Top of DATA EXTRACT

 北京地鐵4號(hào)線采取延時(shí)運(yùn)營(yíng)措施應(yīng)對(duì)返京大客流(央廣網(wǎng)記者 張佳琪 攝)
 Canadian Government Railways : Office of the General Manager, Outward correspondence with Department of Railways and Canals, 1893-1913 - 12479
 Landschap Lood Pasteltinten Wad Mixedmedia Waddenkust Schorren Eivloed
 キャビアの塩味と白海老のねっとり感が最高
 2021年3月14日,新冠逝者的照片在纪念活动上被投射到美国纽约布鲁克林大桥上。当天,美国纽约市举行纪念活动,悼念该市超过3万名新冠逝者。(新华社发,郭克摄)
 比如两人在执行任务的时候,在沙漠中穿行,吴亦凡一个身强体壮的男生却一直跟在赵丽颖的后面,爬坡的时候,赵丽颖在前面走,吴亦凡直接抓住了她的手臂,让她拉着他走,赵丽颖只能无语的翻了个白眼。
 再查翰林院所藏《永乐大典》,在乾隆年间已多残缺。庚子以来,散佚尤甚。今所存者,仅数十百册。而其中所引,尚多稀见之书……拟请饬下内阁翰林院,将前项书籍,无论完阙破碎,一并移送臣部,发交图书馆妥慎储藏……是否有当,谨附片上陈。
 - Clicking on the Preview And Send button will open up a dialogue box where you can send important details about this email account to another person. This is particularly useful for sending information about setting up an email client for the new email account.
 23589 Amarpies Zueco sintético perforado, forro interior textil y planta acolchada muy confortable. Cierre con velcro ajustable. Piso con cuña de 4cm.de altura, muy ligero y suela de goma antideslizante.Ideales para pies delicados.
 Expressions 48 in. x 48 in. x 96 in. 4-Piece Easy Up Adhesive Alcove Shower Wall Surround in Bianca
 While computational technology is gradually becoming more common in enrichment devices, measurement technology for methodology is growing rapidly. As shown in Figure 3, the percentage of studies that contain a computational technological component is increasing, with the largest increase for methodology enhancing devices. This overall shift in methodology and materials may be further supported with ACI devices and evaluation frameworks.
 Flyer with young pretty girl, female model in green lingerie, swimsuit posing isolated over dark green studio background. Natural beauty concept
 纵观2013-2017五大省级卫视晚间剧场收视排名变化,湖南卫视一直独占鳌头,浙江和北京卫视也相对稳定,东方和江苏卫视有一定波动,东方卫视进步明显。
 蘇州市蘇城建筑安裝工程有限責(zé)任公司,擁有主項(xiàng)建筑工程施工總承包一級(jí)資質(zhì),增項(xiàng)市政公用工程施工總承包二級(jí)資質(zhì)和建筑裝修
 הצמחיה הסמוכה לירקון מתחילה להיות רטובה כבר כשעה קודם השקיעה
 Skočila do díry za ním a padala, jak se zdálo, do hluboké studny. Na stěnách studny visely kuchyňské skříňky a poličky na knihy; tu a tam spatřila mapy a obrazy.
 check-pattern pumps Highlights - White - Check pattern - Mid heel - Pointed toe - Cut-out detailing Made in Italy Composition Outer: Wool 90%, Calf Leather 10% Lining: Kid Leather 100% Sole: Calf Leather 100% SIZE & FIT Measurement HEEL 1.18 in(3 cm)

Bottom of DATA EXTRACT

TASK INSTRUCTIONS: Filter the entries above and return only the lines holding "with".

WRITTEN ANSWER:
 Canadian Government Railways : Office of the General Manager, Outward correspondence with Department of Railways and Canals, 1893-1913 - 12479
 While computational technology is gradually becoming more common in enrichment devices, measurement technology for methodology is growing rapidly. As shown in Figure 3, the percentage of studies that contain a computational technological component is increasing, with the largest increase for methodology enhancing devices. This overall shift in methodology and materials may be further supported with ACI devices and evaluation frameworks.
 Flyer with young pretty girl, female model in green lingerie, swimsuit posing isolated over dark green studio background. Natural beauty concept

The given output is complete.